The parties entered into the stipulation of settlement in October 2021. It was notable due to both its record-breaking size and for creating a rare direct cash payment to the minority shareholders totaling at least $300 million. The proposed settlement was subject to a “true up” process that could have increased the ultimate payment amount depending on the final determination of the number of shares and American Depositary Shares held by non-defendants.
In rejecting the proposed settlement, the court explained that having undertaken to make a claim on behalf of all minority shareholders, plaintiffs may not limit the rewards reaped by this action to themselves. The court observed that this would be “antithetical” to the concept of the derivative action. Citing Benedict v. Whitman Breed Abbott & Morgan, 910 N.Y.S.2d 474 (N.Y. App. Div. 2010), the court concluded that “the settlement as structured is not fair and reasonable to the effected shareholders and when taken as a whole is ‘so unfair on its face to preclude judicial approval[.]’”

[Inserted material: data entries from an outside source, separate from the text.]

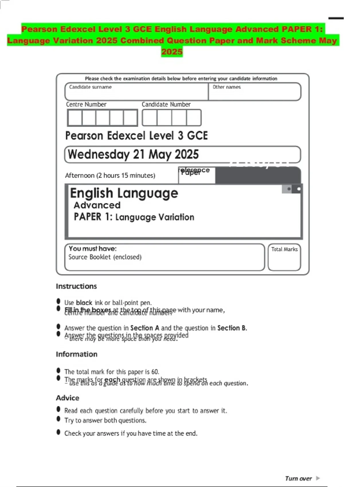 Pearson Edexcel Level 3 GCE English Language Advanced PAPER 1: Language Variation 2025 Combined Question Paper and Mark Scheme May 2025
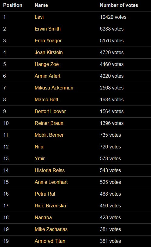 The poll received an overwhelming response as 100000 users participated in it to show their love for the anime. The results are in. So Levi really is more popular than Eren huh.
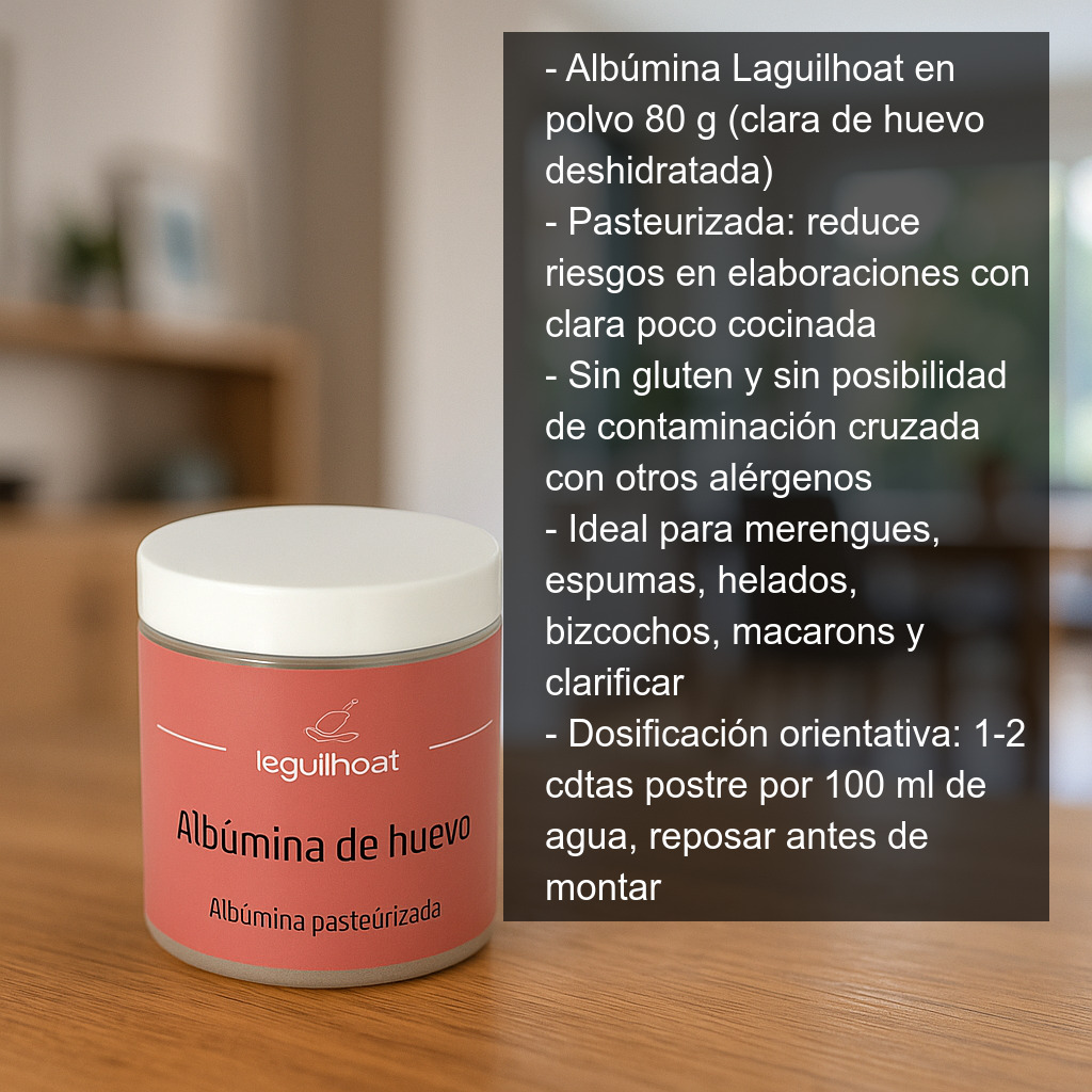 La Albúmina Laguilhoat se presenta en frasco con cierre hermético con 80 g de producto, pensado para mantener la calidad y facilitar su uso en el día a día, tanto en cocina doméstica como en pastelería profesional.
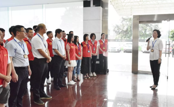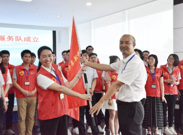 奏响庄严的国歌、宣读郑重的章程 ,在热烈的气氛中,郑明总经理为“福港集箱青年志愿者服务队”授旗。30余名志愿者集体宣誓,表达了志愿者们爱心服务、奉献有我的承诺。公司党委陆玉蓉书记在仪式上作了热情洋溢的致辞,代表公司党委向志愿者服务队的成立表示祝贺,向积极响应和热情参与的全体志愿者表示感谢!她希望,党有所指,团有所向,福港集箱青年志愿服务队要不忘初心,牢记“奉献、友爱、互助、进步”的精神,服务员工,服务企业,奉献社会。要在服务队的工作机制、项目安排和队员素质提升等方面下功夫,为提升企业文化软实力做贡献,努力打造成合资企业党建带团建的新品牌。

By way of background, the defendant company became a major social media company in China after a prominent U.S. social media company was banned there. This development led to interest from Western investors and the company’s U.S. IPO, which raised over $777 million. The lawsuit arose when plaintiffs claimed that defendants misrepresented, in soliciting its IPO, how the company planned to use the IPO proceeds and by seeking personal financial benefits. Plaintiffs alleged that the company had invested its 2011 NYSE IPO proceeds towards a number of ventures and became a de facto venture capital fund. Plaintiffs further alleged that defendants defrauded the company and its minority shareholders out of over $500 million in company investment assets by spinning off the company’s assets into a private company in exchange for an undervalued cash dividend. Plaintiffs asserted derivative claims under Cayman law and New York law in connection with the spin-off.

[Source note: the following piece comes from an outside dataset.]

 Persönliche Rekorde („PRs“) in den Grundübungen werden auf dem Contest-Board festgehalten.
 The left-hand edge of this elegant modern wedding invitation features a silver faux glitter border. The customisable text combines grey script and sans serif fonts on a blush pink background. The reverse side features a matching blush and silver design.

In May 2020, the New York Supreme Court denied defendants’ motions to dismiss and held that plaintiffs had standing to bring derivative claims under Cayman law under the “fraud on the minority” exception established in the seminal English case, Foss v. Harbottle (2 Hare 461 [1843]).[2] In re Renren Derivative Litig., 127 N.Y.S.3d 702 (N.Y. Sup. Ct. 2020). The court also held that it had personal jurisdiction over defendants based on their significant New York activities. In March 2021, the Appellate Division unanimously affirmed that there was proper personal jurisdiction and standing to pursue Cayman law derivative claims in New York against the company and its directors. In re Renren, 140 N.Y.S.3d 701 (N.Y. App. Div. 1st Dept. 2021). The parties reached the proposed settlement, now rejected, following the Appellate Division’s decision.
[1] The company’s CEO/board Chair, certain directors, controlling shareholders and the financial advisor for a special committee of the board. The complaint alleged that together defendants controlled a majority of the company’s stock.
[2] Shareholders do not have standing to pursue derivative litigation under Cayman law unless they can meet one of the four exceptions first articulated in Foss. To proceed, a shareholder must show that the conduct: (1) infringed on the shareholder’s personal rights; (2) would require a special majority to ratify; (3) qualifies as a fraud on the minority; or (4) consists of an ultra vires act.